**TASK DIRECTIONS:**
Repeat the listing word for word, but skip any pictures.

**DATA:**
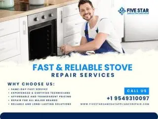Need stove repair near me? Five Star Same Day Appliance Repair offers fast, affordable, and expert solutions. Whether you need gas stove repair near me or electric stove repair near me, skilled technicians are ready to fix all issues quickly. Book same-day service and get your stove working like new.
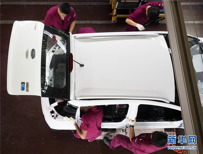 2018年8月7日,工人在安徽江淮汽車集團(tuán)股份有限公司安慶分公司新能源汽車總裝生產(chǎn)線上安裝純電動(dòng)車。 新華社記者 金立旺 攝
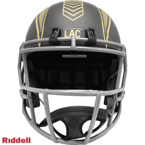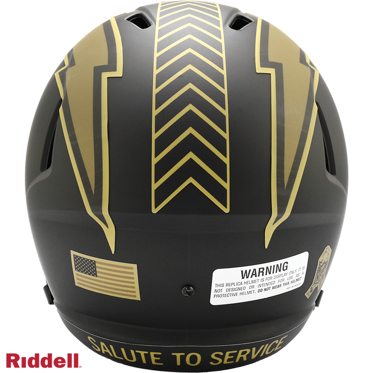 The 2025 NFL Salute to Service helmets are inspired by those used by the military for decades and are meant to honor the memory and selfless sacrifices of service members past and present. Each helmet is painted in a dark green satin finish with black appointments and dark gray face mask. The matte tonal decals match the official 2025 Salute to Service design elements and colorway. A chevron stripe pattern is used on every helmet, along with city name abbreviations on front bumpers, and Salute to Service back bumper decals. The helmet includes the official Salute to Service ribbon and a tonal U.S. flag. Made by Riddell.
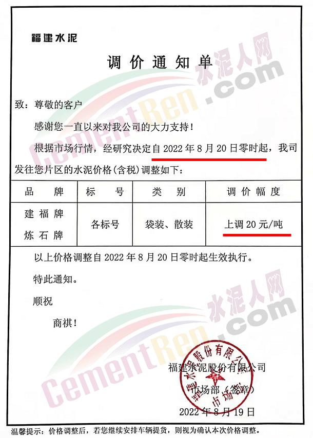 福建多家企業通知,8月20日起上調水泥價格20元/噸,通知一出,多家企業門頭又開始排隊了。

**ANSWER TO THE PROBLEM:**
Need stove repair near me? Five Star Same Day Appliance Repair offers fast, affordable, and expert solutions. Whether you need gas stove repair near me or electric stove repair near me, skilled technicians are ready to fix all issues quickly. Book same-day service and get your stove working like new.
 2018年8月7日,工人在安徽江淮汽車集團(tuán)股份有限公司安慶分公司新能源汽車總裝生產(chǎn)線上安裝純電動(dòng)車。 新華社記者 金立旺 攝
 The 2025 NFL Salute to Service helmets are inspired by those used by the military for decades and are meant to honor the memory and selfless sacrifices of service members past and present. Each helmet is painted in a dark green satin finish with black appointments and dark gray face mask. The matte tonal decals match the official 2025 Salute to Service design elements and colorway. A chevron stripe pattern is used on every helmet, along with city name abbreviations on front bumpers, and Salute to Service back bumper decals. The helmet includes the official Salute to Service ribbon and a tonal U.S. flag. Made by Riddell.
 福建多家企業通知,8月20日起上調水泥價格20元/噸,通知一出,多家企業門頭又開始排隊了。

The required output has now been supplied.